Cove Point ‘Unique’ LNG Terminal

By Michelle Thompson, Associate Editor

Dominion Resources Inc. in September became the fourth company to receive a full license to export liquefied natural gas (LNG). Its gas will be shipped from its Cove Point LNG facility on Chesapeake Bay in Lusby, Maryland.

Construction on its facilities, which will cost between $3.4 and $3.8 billion, is expected to be completed in 2017. The proposed liquefaction plant will liquefy about 770 million cubic feet per day of inlet gas.

Though Dominion wasn’t the first company to gain non-FTA export approval, there are elements of Cove Point that make it unique, says Dominion Business Development Manager Bill Allen.

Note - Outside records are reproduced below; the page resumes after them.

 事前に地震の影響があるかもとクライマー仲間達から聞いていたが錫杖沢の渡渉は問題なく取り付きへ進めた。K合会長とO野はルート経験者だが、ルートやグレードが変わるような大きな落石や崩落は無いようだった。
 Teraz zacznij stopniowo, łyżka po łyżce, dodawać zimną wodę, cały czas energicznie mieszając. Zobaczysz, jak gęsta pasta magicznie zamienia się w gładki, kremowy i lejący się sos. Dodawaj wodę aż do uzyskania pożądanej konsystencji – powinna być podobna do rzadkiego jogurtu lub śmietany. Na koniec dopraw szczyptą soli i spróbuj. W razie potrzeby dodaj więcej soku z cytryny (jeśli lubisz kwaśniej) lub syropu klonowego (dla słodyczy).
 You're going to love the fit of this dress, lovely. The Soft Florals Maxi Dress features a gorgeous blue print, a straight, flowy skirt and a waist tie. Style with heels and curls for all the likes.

“Our project is a little bit different than Cheniere’s [the first licensed plant], where they are actually selling LNG at the output plant,” Allen told attendees at Platts’ recent Pipeline Development and Expansion Conference in Houston. “Dominion is only offering a tolling service. We are providing a liquefaction service. We don’t have any other commodity; we don’t arrange for upstream supply, we don’t arrange for downstream delivery of LNG. All we provide is a liquefaction service.”

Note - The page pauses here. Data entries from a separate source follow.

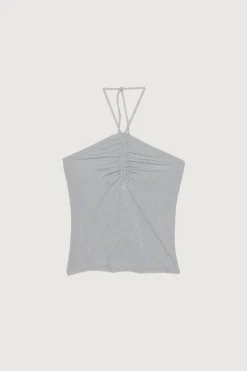 This halter neck top is cut from a sparkly knit fabric in a slim fit. It’s ruched at the front and has a subtle sweetheart neckline with halter ties. Perfect for a night out or for out of your festival looks.
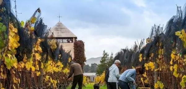 将成熟的葡萄从葡萄园中采摘。
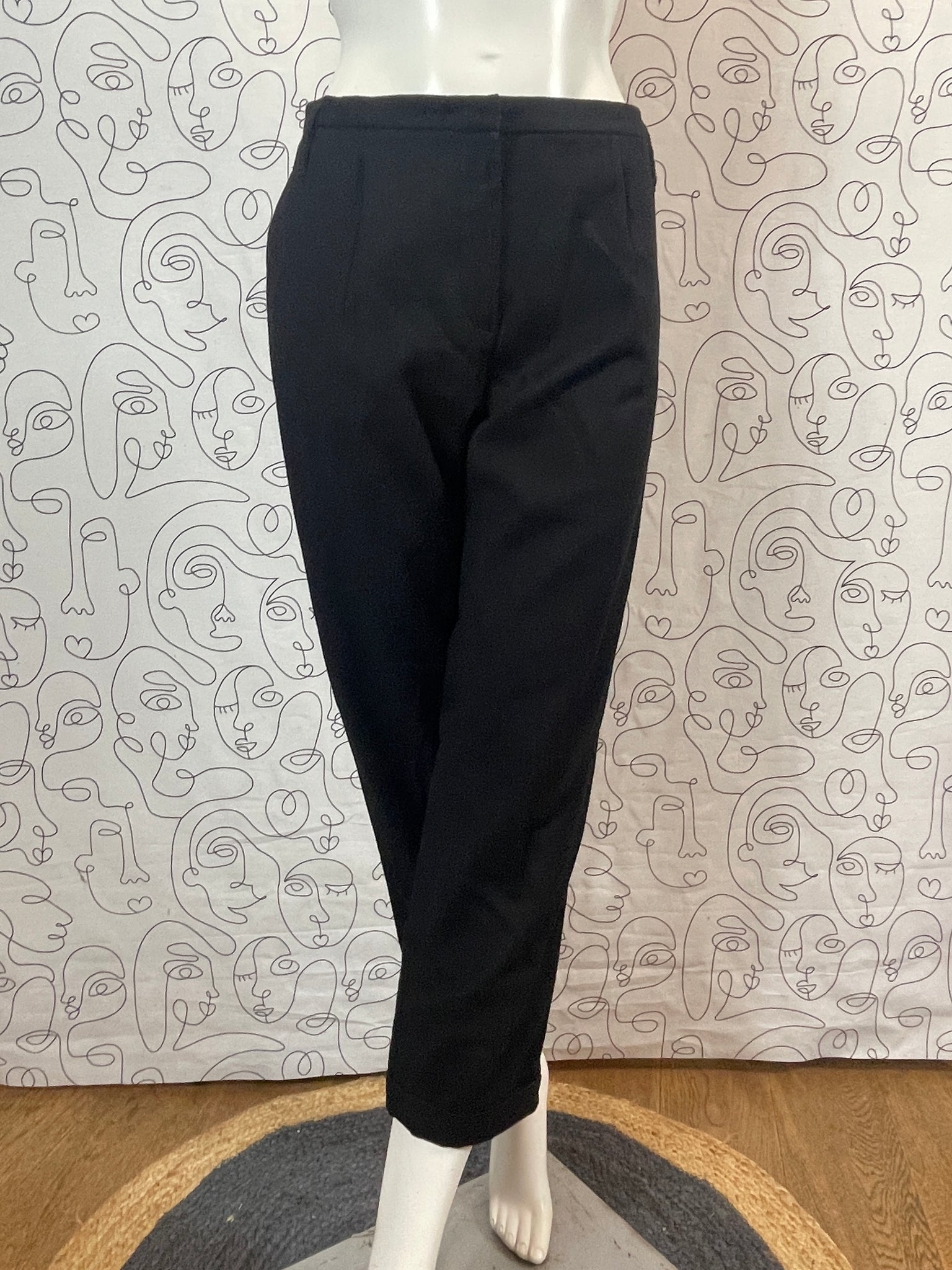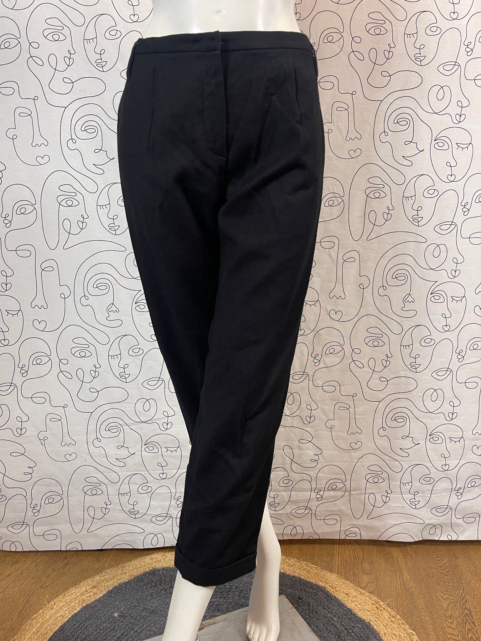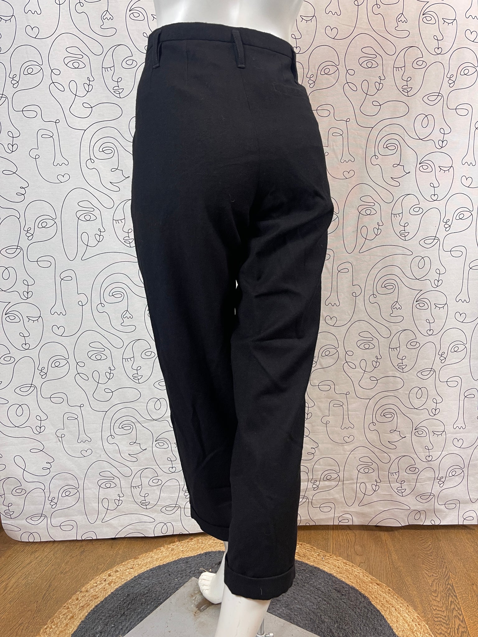 Mesures à plat : largeur taille 43 cms, largeur hanches 52 cms, hauteur fourche (de l’entrejambe à la taille à l’avant) 28 cms, longueur 87 cms et largeur bas de jambes 20 cms.

Dominion is also in an advantageous position in the sense that it already has an import terminal, which Allen says will work to the company’s benefit. “I think you’ll find the likelihood of export terminals moving forward in the U.S., the successful projects will be existing LNG import terminals,” he says.

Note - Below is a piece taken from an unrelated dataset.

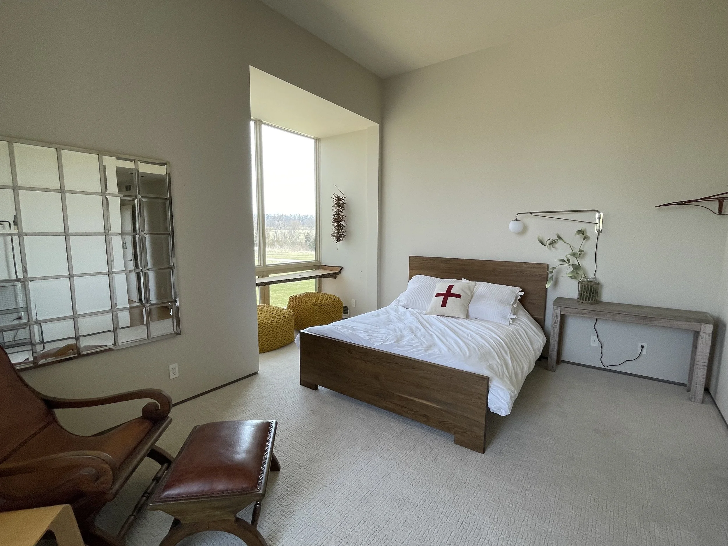 A spacious room with large windows, lots of natural light, and a queen bed
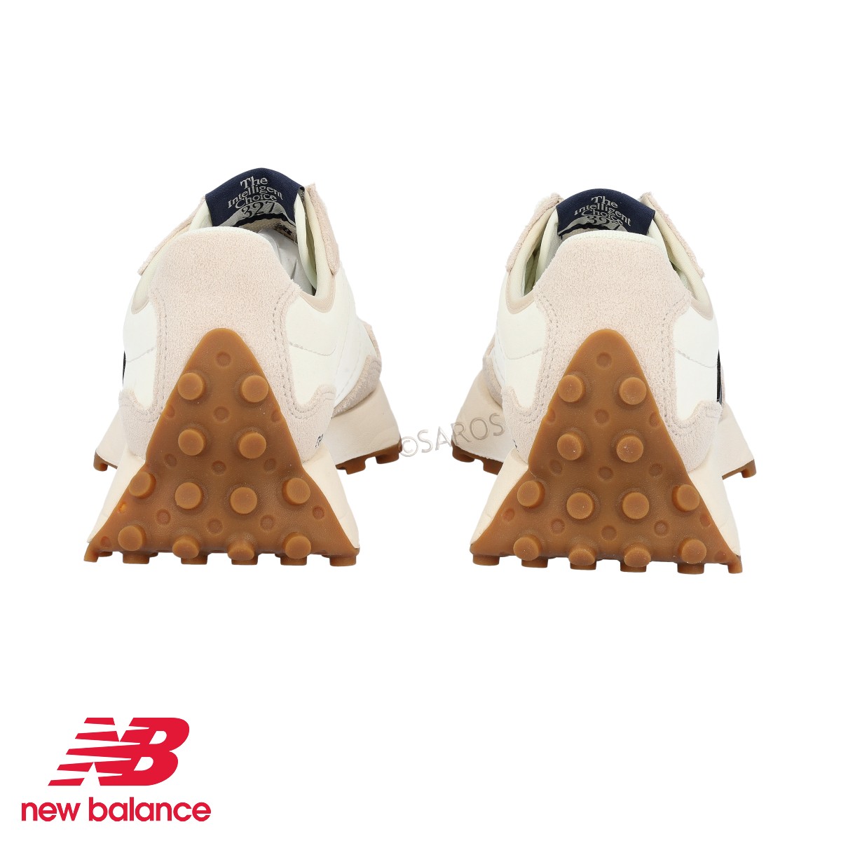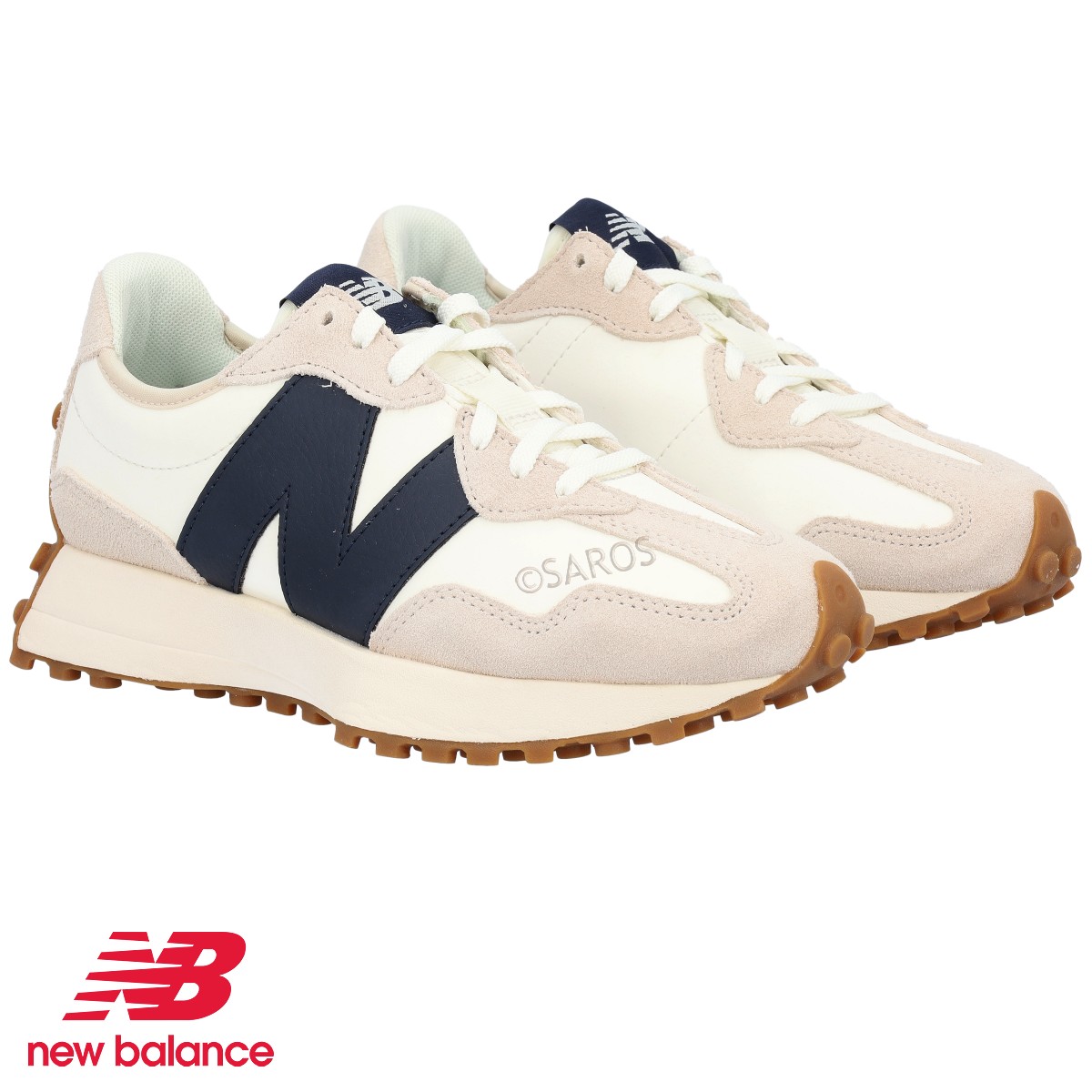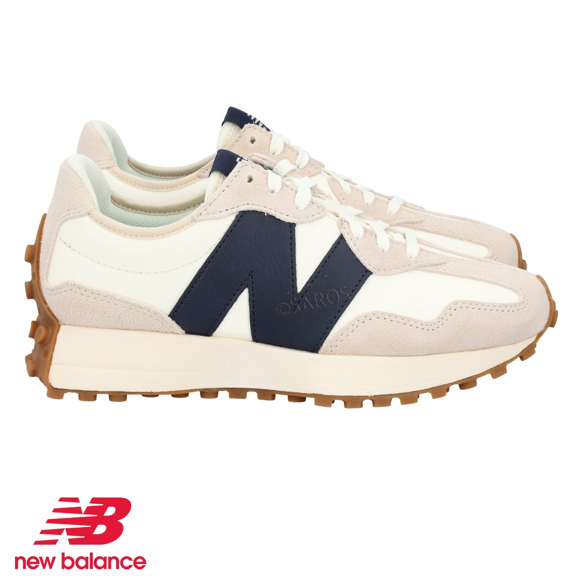 O modelo 327 é caracterizado pelo "N" sobredimensionado em azul e a sola branca com os famosos mini "pitons", que sobem até à parte traseira, em camel.

Cove Point was originally built in the mid-1970s as an import terminal. At the time, there were projections for significant amounts of imported LNGs. It was among four such facilities constructed during that time period.

Throughout the years, its capacity has increased to the point that it is now capable of vaporizing 1.8 billion cubic feet per day. Dominion acquired Cove Point in 2002, and the plant had “been mothballed since the early ’80s.” It was reactivated and put back into service in 2003. “There were nearly 40 new import proposals throughout the U.S.,” recalls Allen. “Only about six were built. A big reason for that is the U.S. shale gas revolution.”